I'm trying to understand what I'm seeing.
Am I correct when I say that this is where the master node is pinging the lead zookeeper as a way to maintain a heartbeat to see if zookeeper is alive?

On the region servers I see every node with roughly the following:
2010-03-03 09:31:52,086 DEBUG org.apache.hadoop.hbase.io.hfile.LruBlockCache: Cache Stats: Sizes: Total=2.9179459MB (3059688), Free=352.64456MB (369774616), Max=355.5625MB (372834304), Counts: Blocks=0, Access=0, Hit=0, Miss=0, Evictions=0, Evicted=0, Ratios: Hit Ratio=NaN%, Miss Ratio=NaN%, Evicted/Run=NaN
2010-03-03 09:31:52,222 DEBUG org.apache.zookeeper.ClientCnxn: Got ping response for sessionid:0x12722bb961d0001 after 0ms
2010-03-03 09:32:12,223 DEBUG org.apache.zookeeper.ClientCnxn: Got ping response for sessionid:0x12722bb961d0001 after 0ms
2010-03-03 09:32:32,223 DEBUG org.apache.zookeeper.ClientCnxn: Got ping response for sessionid:0x12722bb961d0001 after 0ms


Going through the logs, I see 0-1ms response time from the region servers to zookeeper.

I'm trying to track down why I'm having partial failures.
That is, on a region server, I see multiple live servers, where one is actually alive.
(This problem is intermittent and I haven't seen a failure [yet] since I turned on the debugging.)

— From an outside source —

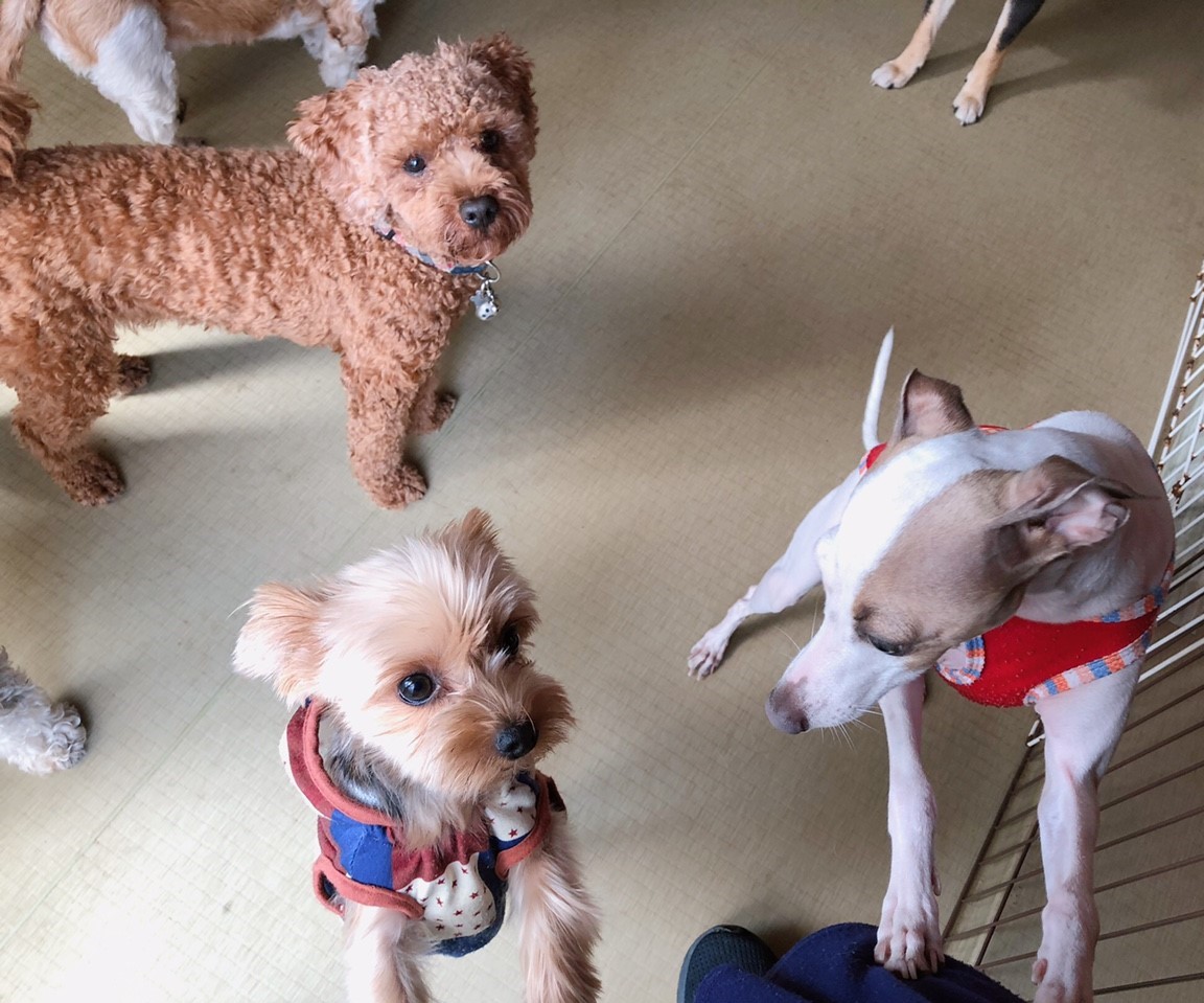 満員状態になるのですが(笑)その間にも、わんこ同士クンクンしたり、人間のそばにいるから

Is it normal to see pings as long as 50ms when a master pings zookeeper?

Thx

-Mike






 		 	   		  
_________________________________________________________________
Your E-mail and More On-the-Go. Get Windows Live Hotmail Free.
http://clk.atdmt.com/GBL/go/201469229/direct/01/

Re: Trying to understand HBase/ZooKeeper Logs

Posted by Patrick Hunt <ph...@apache.org>.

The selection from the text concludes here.